According to iTunes Vice President Eddy Cue, Apple's biggest competitor in online music downloading is P2P. iTunes launched in Australia yesterday, giving Australian people what Cue says is an alternative to illegal music downloads with a fair price. Songs in the Australian iTunes store will cost $1.27 each ($12.86 per album) and music videos will cost about $2.57.
"Our view is that our biggest competitor is illegal music and P2P services. We always thought that if we offered a better alternative, then those customers would be happy to pay," said Cue. "Obviously...we will never be better than 'free.' But we think $1.27 (1.69 Australian dollars) is a very competitive and fair price to pay." Cue hyped up Apple's iTunes music store, repeating its worldwide success again.
"We have now sold over 600 million songs worldwide and have nearly 80 percent market share in most of the countries we are in," he said. "This is our 21st time, and I will say that there is no place that we have ever launched where music downloads have been strong prior to us." He also has a belief that the next generation of music buyers will see music as "digital bandwidth".
"It is certainly our belief that digital music buying is the future of music purchasing. Certainly our customers love it, and you can see it in the younger generation. They buy a lot of music now, and they buy it all online. That is what they know music as. They certainly do not know music as a record or as a CD--they know it as digital bandwidth," Cue said. However, should Apple really get the credit for the popularity of music downloading?
Yes, iTunes does have 80% of the market share in most countries it operates in, but would iTunes be any way successful if it wasn't for P2P in the past? If there was never the original Napster, or controversy over free music file sharing and iTunes had launched in 1999, how much different would the success of the store be? Would it have taken longer to convince people that downloading music is a good thing to do or even created anything near the "buzz" that "sharing music" created?

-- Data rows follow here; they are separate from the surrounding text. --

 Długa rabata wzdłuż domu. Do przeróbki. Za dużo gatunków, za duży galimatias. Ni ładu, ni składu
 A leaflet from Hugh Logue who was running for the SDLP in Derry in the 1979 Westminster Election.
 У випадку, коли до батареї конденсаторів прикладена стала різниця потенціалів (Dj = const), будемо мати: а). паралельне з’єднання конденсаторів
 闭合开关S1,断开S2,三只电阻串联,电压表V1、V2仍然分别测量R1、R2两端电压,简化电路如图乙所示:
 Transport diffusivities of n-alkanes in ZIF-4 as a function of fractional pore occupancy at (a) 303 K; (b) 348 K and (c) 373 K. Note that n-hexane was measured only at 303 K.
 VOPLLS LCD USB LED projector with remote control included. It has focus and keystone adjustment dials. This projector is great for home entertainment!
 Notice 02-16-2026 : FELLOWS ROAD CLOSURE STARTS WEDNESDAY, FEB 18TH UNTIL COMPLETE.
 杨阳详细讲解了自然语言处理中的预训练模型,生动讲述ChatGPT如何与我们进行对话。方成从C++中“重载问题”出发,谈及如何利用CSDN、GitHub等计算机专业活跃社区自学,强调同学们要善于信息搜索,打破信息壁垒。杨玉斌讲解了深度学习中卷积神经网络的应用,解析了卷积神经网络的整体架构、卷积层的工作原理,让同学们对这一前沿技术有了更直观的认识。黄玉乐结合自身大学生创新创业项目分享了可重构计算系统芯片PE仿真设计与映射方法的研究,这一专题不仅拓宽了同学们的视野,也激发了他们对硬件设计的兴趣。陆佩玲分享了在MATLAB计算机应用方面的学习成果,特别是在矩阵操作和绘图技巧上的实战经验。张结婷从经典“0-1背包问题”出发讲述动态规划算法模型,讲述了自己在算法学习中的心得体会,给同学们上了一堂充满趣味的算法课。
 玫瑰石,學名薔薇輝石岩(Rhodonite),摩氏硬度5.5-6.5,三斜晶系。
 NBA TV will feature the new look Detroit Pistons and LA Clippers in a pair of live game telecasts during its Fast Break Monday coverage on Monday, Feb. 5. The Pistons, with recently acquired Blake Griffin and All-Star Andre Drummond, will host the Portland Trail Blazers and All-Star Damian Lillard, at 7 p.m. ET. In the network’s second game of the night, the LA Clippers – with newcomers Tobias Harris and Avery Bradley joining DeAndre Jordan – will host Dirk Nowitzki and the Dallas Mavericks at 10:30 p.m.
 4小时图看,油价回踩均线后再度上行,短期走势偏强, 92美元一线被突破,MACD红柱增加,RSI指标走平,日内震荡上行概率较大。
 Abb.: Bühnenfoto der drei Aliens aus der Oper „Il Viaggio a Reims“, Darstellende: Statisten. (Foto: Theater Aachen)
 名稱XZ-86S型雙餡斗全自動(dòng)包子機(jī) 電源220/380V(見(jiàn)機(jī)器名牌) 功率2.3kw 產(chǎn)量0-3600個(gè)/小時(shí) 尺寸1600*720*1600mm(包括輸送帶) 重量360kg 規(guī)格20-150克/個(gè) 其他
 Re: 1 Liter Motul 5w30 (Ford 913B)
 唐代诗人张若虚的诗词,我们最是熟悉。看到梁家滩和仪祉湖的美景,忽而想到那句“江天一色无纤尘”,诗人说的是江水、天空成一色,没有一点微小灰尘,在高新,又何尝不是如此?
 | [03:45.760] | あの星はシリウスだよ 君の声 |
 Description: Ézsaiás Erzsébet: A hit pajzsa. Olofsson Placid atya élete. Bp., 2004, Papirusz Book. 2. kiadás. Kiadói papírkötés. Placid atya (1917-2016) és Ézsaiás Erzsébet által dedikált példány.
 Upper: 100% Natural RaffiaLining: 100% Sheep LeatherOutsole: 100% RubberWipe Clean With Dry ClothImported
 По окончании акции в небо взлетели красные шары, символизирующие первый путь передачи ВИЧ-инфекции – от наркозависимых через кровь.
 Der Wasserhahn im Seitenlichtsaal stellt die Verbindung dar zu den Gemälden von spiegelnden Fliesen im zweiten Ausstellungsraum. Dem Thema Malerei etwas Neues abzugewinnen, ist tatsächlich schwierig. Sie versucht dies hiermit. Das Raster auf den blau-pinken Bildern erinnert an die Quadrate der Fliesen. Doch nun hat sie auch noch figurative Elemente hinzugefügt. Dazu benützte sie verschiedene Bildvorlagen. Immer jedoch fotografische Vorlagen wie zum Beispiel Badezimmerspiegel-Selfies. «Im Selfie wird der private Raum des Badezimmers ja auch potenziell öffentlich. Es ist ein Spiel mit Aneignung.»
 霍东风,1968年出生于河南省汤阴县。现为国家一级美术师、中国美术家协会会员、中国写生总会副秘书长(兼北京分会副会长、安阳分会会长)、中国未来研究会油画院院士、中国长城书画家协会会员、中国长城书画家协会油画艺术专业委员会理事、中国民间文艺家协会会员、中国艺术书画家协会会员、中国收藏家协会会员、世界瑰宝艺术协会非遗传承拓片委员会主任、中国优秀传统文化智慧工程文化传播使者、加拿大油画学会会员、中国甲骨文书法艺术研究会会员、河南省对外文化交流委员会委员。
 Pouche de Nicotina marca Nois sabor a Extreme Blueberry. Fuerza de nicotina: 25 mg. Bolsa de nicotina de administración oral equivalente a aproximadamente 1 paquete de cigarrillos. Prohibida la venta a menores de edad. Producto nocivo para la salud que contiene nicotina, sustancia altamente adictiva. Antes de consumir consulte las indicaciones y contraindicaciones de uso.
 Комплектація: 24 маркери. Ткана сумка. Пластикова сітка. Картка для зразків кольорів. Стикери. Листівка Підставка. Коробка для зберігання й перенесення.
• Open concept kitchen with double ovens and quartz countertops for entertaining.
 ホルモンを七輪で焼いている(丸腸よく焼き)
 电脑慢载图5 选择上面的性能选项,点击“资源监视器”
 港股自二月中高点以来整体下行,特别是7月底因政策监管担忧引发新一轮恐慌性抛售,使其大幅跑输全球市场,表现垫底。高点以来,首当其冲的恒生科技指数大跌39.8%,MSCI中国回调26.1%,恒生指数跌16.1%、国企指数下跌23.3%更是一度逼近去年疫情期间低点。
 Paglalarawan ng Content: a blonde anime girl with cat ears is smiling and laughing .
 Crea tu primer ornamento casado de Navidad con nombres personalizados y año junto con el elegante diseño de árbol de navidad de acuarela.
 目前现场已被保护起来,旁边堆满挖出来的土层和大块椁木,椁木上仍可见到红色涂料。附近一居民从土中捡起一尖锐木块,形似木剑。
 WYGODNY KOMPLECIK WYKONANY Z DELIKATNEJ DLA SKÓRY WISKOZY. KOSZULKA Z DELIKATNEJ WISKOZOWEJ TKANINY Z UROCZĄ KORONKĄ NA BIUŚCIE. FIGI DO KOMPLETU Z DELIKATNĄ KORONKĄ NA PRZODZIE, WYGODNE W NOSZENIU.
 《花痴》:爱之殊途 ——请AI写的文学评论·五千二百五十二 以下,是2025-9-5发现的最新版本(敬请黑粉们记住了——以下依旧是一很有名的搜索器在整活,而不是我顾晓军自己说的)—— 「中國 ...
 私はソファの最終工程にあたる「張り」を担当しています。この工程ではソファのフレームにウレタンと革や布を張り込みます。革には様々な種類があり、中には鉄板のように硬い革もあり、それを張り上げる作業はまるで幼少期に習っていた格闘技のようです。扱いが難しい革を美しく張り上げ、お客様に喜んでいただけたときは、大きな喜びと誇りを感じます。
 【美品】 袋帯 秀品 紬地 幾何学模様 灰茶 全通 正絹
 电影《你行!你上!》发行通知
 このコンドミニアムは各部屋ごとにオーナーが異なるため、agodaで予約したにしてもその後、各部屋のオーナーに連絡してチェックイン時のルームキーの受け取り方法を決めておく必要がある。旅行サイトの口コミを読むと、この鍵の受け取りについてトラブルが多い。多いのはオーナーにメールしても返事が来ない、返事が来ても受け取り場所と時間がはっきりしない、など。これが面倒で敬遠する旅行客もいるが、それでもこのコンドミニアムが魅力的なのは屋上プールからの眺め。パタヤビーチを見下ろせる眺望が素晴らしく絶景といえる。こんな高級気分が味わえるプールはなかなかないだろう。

If you look back through the past few years, you notice that P2P is what brought about the joy of digital music on a worldwide scale and now that it has increased to phenomenal popularity, it would be easy for companies like Apple and RealNetworks to cash in off legal stores now that P2P has "proven" digital music downloading to be an easy, fast way to get music. Many file sharers download hundreds or thousands of songs for their collection, not like those who purchase CDs, who probably only get a few new CDs per month at most.
If you were a file sharer who had a collection of over 1000 tracks and one day, for some reason, all your downloaded music files were gone and you decided to switch to a legal alternative instead, you probably wouldn't buy the same number of tracks, but you would probably buy more than people who just discovered digital music downloading with iTunes and never used P2P networks to get their music. This is just because you are used to having a large number of songs and probably discovered a lot of new music when you downloaded it for free. You are much more comfortable with digital music.
However, the music industry cannot deny that Apple has pushed legal music downloading forward. Apple did make it easy to purchase music downloads and to add more fuel to the fire, cleverly tied the iPod and iTunes music store together. Apple also realizes that this still is just the early days of legal music downloading, so keeping a blanket price for tracks is the best option - a fact that certain major labels don't seem to understand.